When structured transparently, fees reflect the allocator’s value-add: sourcing, curated selection, negotiation leverage, investor administration, and post-close oversight. In practice, investors in a feeder often see economics roughly equivalent to an 80/20 profit split after the allocator’s transactional fees are accounted for.
Due diligence that goes beyond the basics
Retail investors often skip or skimp on meaningful due diligence. Allocators follow a far more detailed checklist, which typically includes:
- Operator background – net worth, prior projects, instances of losses, team bios, and property management arrangements.
- Financial documents – historical 12 months (T12), rent roll, AR aging, third-party appraisals, and a line-item capex plan.
- Debt analysis – loan covenants, prepayment penalties, interest rate sensitivity, and refinancing risk.
- Market assessment – comp rents, vacancy trends, employment, and supply-demand dynamics.
- Legal and structural review – operating agreement, subscription documents, PPM if applicable, and regulatory compliance.
Paying a few thousand dollars for a professional review is often a small price for risk reduction and better sleep. The goal is to quantify downside scenarios and validate sponsor assumptions with independent, conservative modeling.
Where this strategy is headed – co-GP and discretionary capital
As allocator platforms grow their capital base and track record, the natural evolution is toward larger, decision-making roles in deals:
- Co-GP positions where the allocator brings significant capital and negotiates manager or veto rights.

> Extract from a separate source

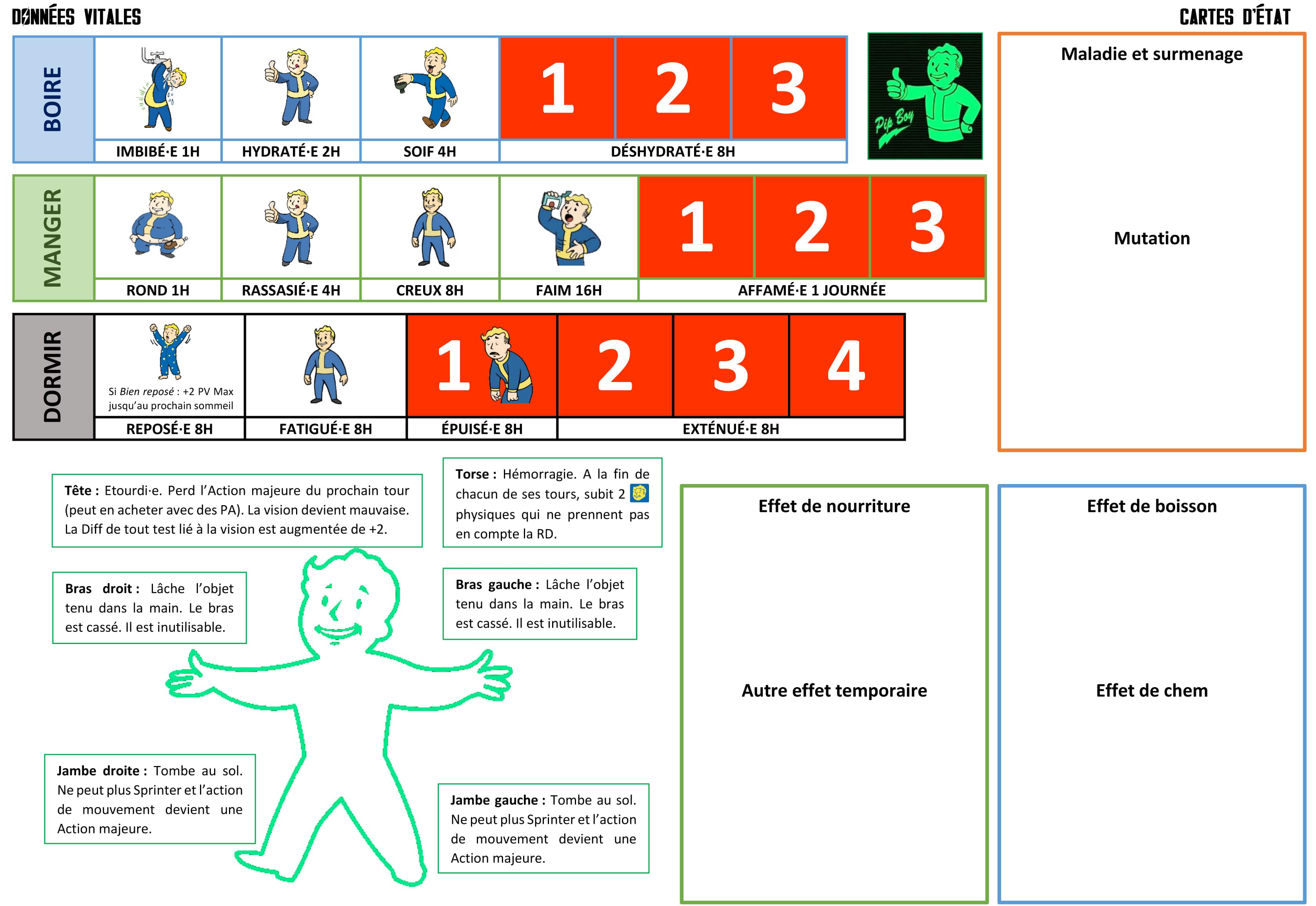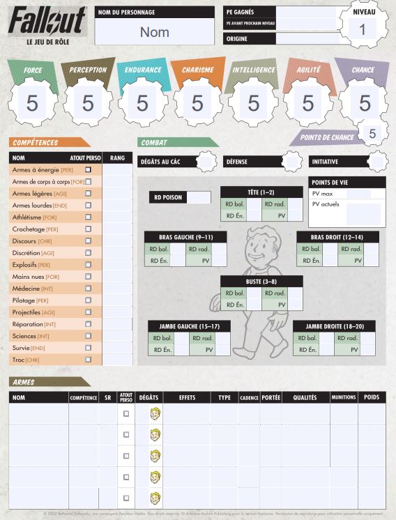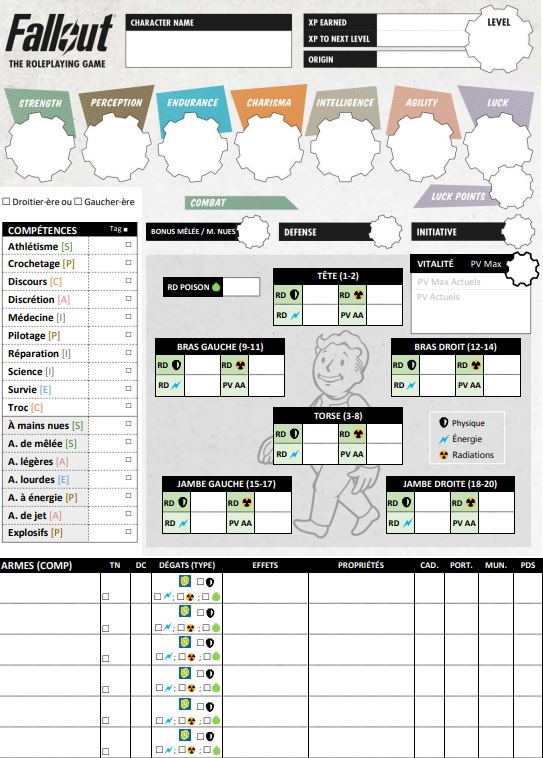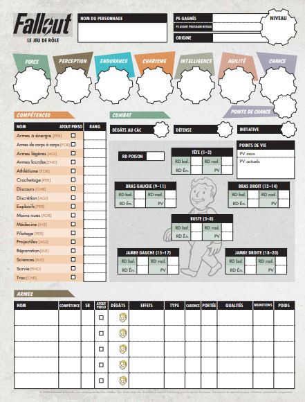 La fiche de personnage officiel du jeu de rôle Fallout.

- Discretionary funds that selectively deploy a pooled pool of capital across multiple syndications under a unified investment mandate.
- Boutique real estate placement and advisory services that arrange transactions and introduce large check writers to sponsors.

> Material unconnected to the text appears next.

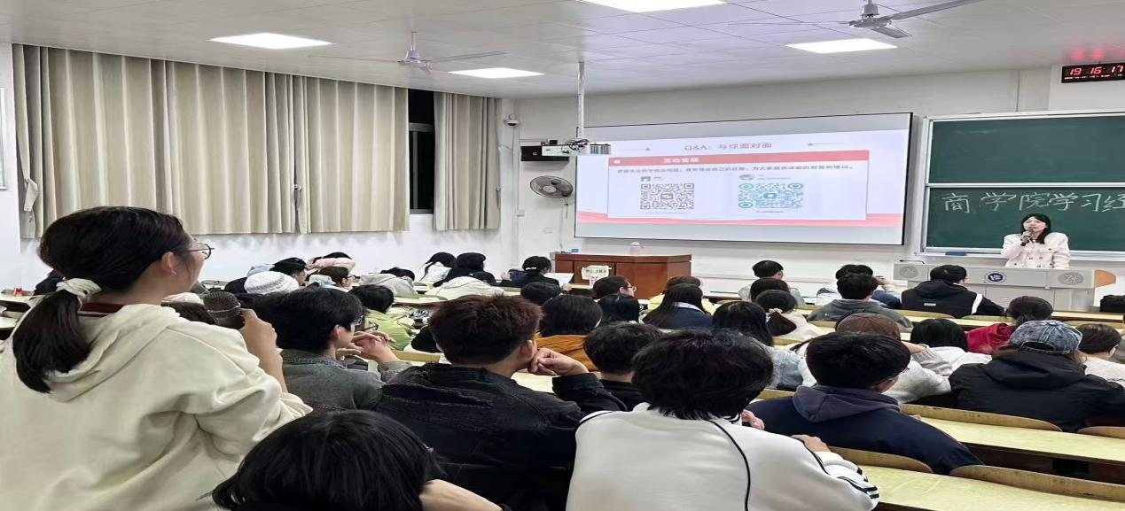 书院路的分享会采用了“走进晚自习教室”的形式,进行了更具针对性的交流。不仅讲解了校区间优质学习资源的获取途径,还详细说明了如何高效参与主校区的各类活动。此外,分享内容根据不同专业和年级的特点,提供了分层分类的学业规划建议,有效解答了新生关于跨校区学习生活的具体困惑。

These moves increase influence and help align returns for the allocator and their LPs, but they also require deeper operations, governance, and compliance controls.
How investors should think about working with an allocator
Working with a reputable allocator is not a shortcut; it is an outsourcing of a core competency. Consider partnering when:
- You want curated access to institutional-quality deals and cannot or prefer not to underwrite hundreds of opportunities.
- You want lower administrative burden and a single point of contact for capital calls and reporting.
- You value the negotiation leverage that larger, aggregated checks bring to fee and split conversations.
Ask potential allocators about their track record, sample due diligence checklists, fee schedules, whether they take a second promote, and how they handle compliance and investor communications.
Resources
Elijah’s team publishes tools for limited partners, including a due diligence checklist and an LP deal calculator. Useful starting points:
- GoldHawk Capital – https://goldhawk.us
- Due Diligence Checklist – https://goldhawk.us/inspection
- LP Deal Calculator – https://goldhawk.us/lp-calculator
Well-curated allocations require discipline, conservative underwriting, and an insistence on operator quality, reasonable basis, and adequate yield. For accredited investors seeking to level up, partnering with an allocator that follows those rules can meaningfully tilt the risk-reward in their favor.